A study by the European Parliament in 2025 recommended that future improvements to the GHRSR should broaden the geographic and thematic scope to include more diverse violations and regions due to the current dominance of sanctions imposed on Russian nationals and entities. In addition, the report also mentions the lack of de-listing pathways (other than court challenges or death) which reduces incentives for behavioural change on the part of designees. Finally, the participation of civil society actors in proposing names for designation should be strengthened through the establishment of formal channels for proposals.

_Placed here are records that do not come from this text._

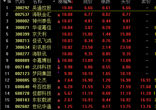 今日早盘,华为概念股也大幅拉升,锦富技术、天音控股、国农科技、思特奇等9股涨停,方正科技、国联股份、万兴科技等涨幅居前。
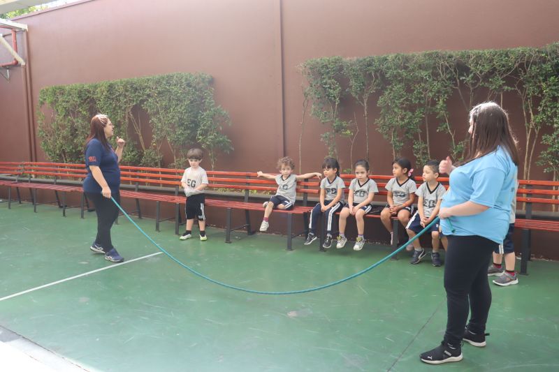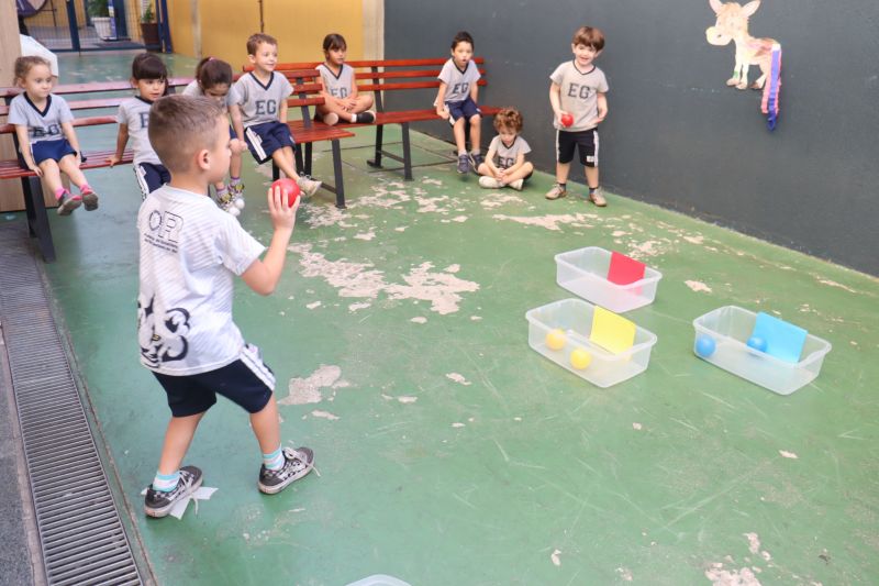 Por último, a Professora Luciana preparou algumas brincadeiras para os alunos: pesca numérica, rabo de burro, bola ao cesto, corrida de saco e cabo de guerra.
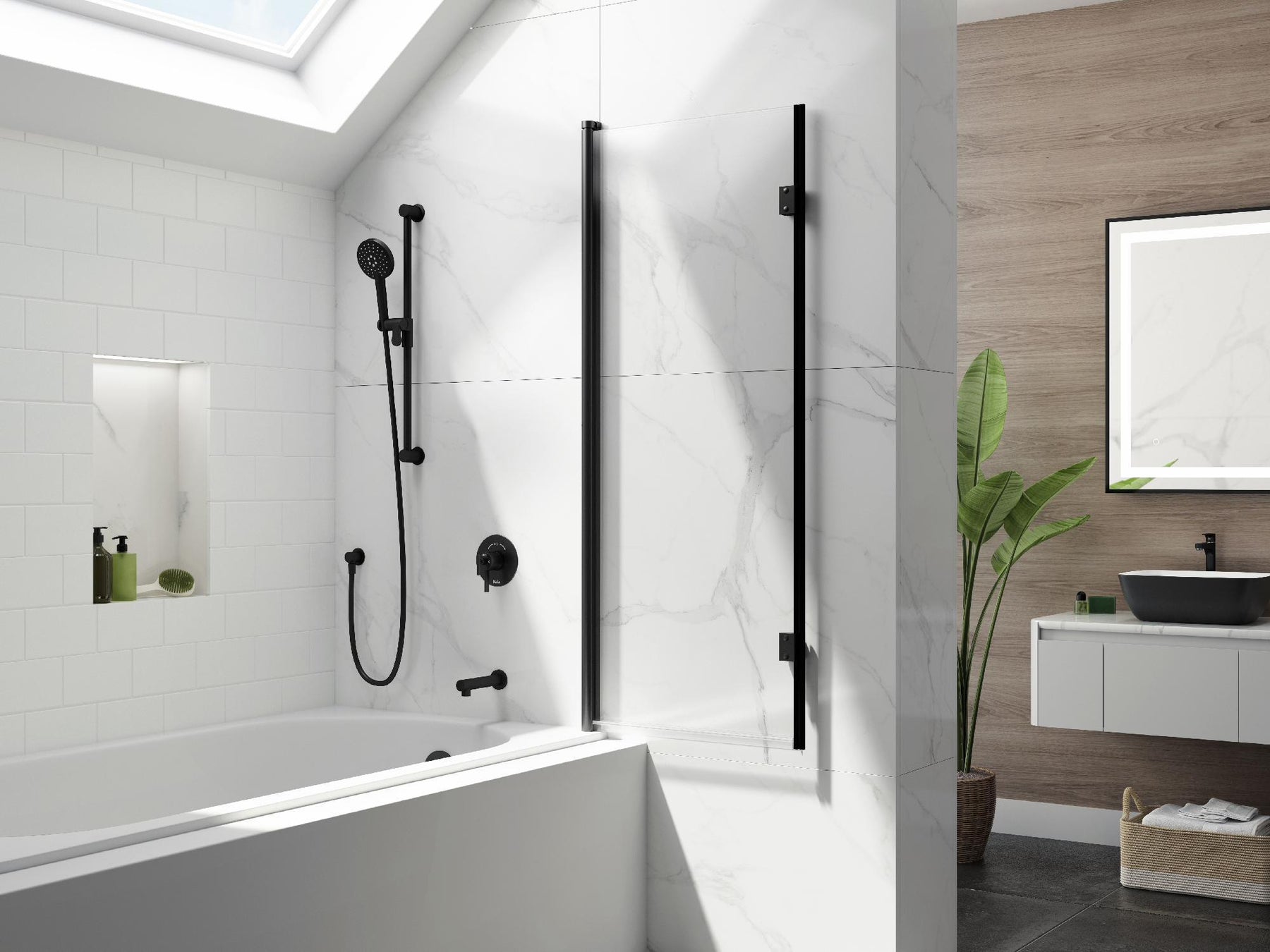 Flip 90 46" x 56" Pivoting Tub Shield - Matte Black DR1450-160-000 Kalia
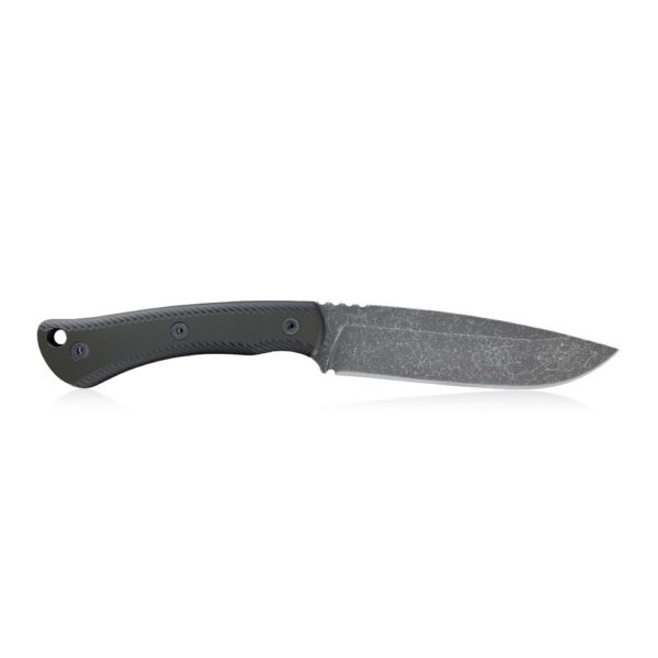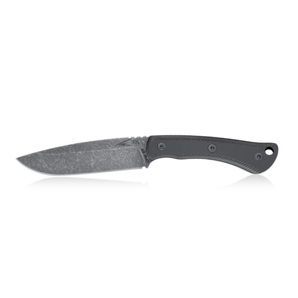 The presented T7L knife is made of CPM 3V powder steel. It is steel produced by the American company Crucible Industries, known for the production of CPM S35VN, CPM S45VN, CPM S90VN and others from this family. CPM 3V is chosen for the production of large-size knives due to its resistance to chipping and very high resistance to overload. This steel wears slowly and remains sharp for a long time. CPM 3V steel is not stainless steel, so to make it easier to care for, the presented knife is finished with the acid-stonewash method, which gives the blade a dark color and perfectly masks any imperfections that may arise during use. The knife is made of one piece of steel, i.e. it has the so-called full-tang construction, probably the most durable construction used in fixed blade knives.
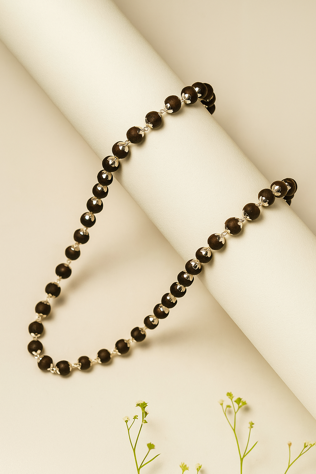 Silver Plated Karungali Mala - Natural Ebony Wood
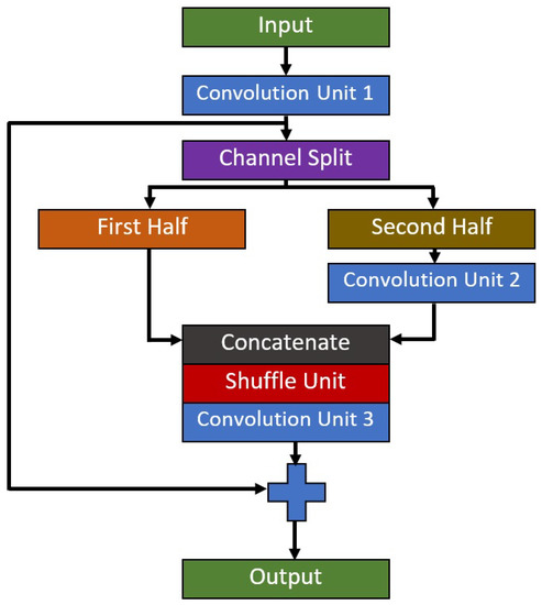 The initial feature map size to this module is 64 × 64 pixels and the output feature map size at the end of this module is 8 × 8 pixels. Therefore, the range of the feature map size for this module is considerably small in order to maintain the lightweight nature of the proposed model. There will be three convolution operators in each , where its full building block is shown in Figure 2. Residual-Shuffle-Net utilizes a bottleneck design for the convolution operations; as such, the middle convolution operator will have a smaller number of the filter set compared to the first and third convolution operators. The residual skip connection input layer comes from the output of the first convolution, which will be added to the output of the third convolution. Group and shuffle operations are performed during the second convolution operation, in which a simple channel split procedure is used to divide the feature maps into two equal groups, where it will be combined back using a concatenate operator. The addition of group and shuffle operations force the network to learn from various sets of feature branches, instead of one set of general features [45]. The design of sequential allows the network to learn multiple local features instead of global features in each convolution layer.
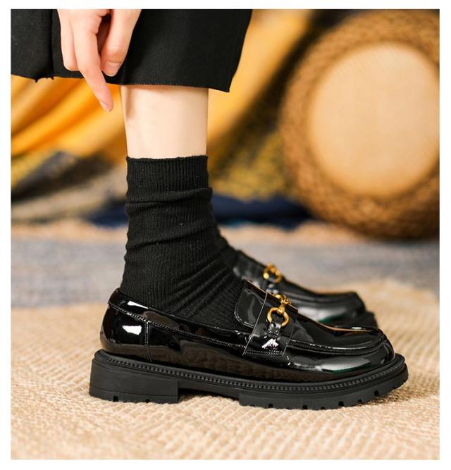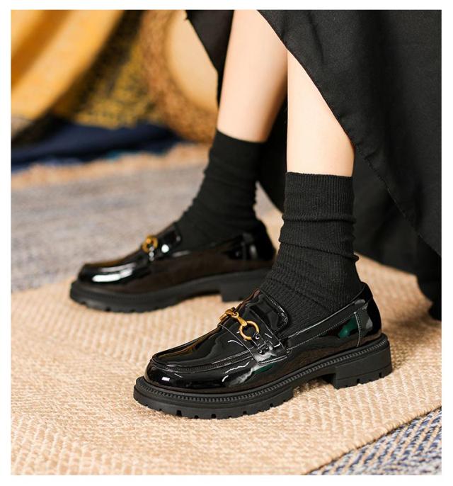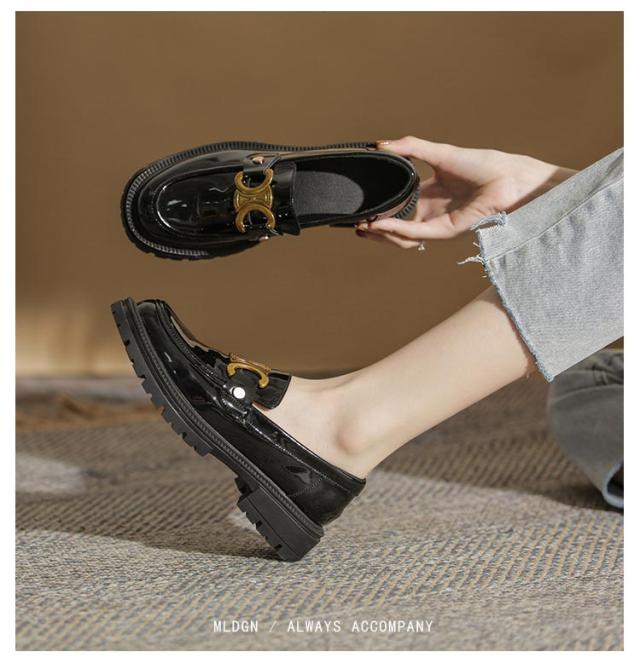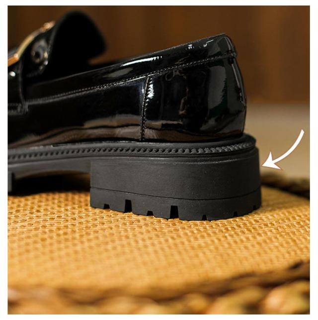 | 幅広ローファー 上品に高見えするエナメル調でボリューミーなファーがリッチな印象 柔らかく通気性のあるインソール 太くて安定感のあるヒール | |
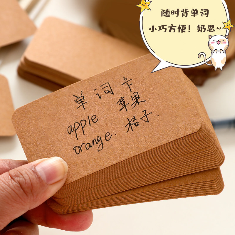 300張咔巴熊空白卡片明信片diy牛卡紙手繪涂鴉小卡片書簽留言卡圓角拼音英文單詞卡小學(xué)生生字卡白色加厚卡紙價(jià)格行情
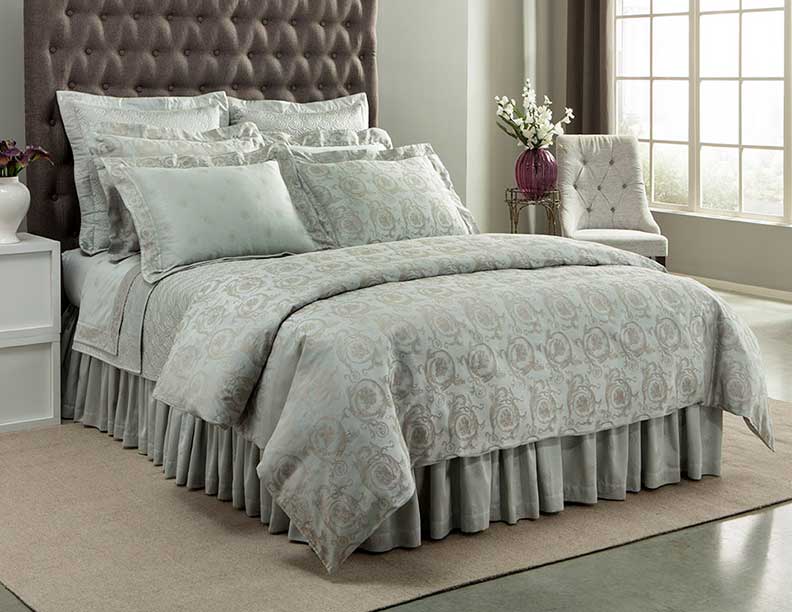 Firenze is a combination of a big or small acanthus pattern in a 600 thread count Egyptian cotton damask. Note:Steel Blue Pattern does not have a border. Flat sheets and pillow cases are small patterned finished with matching border. Shams are available in an allover big pattern(SHAM-A), small pattern with border(SHAM-B) or solid sateen with contrasting border(SHAM-C). (Standard, Queen, King, Euro, Boudoir, Neckroll). Duvet covers have small pattern reversing to big pattern with a knife edge. ( Twin, Full, Queen, King). Shown with quilted coverlet in royal sateen; many quilt patterns available.
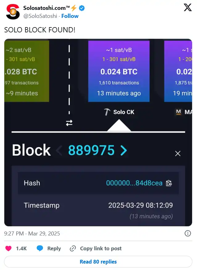 值得注意的是,Solo CKPool 并不是传统意义上的矿池。尽管名字中有「Pool」,但它只是提供一个接入点。矿工一旦找到区块,就可以自己拿走绝大部分奖励。不过,这并不代表通过 Solo CKPool 挖出区块的就是一个人坐在他的卧室用极低的算力挖出来的。X 上有些人对此误解较大,甚至在没有数据支持的前提下大肆鼓吹这一观点。
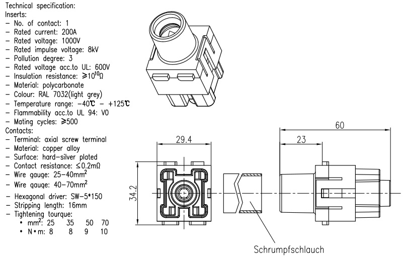 Power module,Axial bolt connection,Contacts 1,Female,200A/1000V KLS1-H2MK-001.1-F & KLS1-H2MK-001.2-F |

Based on the above mentioned challenges and recommendations, we might get the feeling that much remains to be done in this policy field. Nevertheless, the early legal initiatives, as well as the first coordination efforts among human rights sanctions regimes, should not be underestimated, because these are meaningful legal steps against international human rights abuses. Piece by piece, the international community is creating the legal mechanisms to finally give effect to the fundamental rights of human beings as envisaged in the Universal Declaration of Human Rights ratified almost 80 years ago.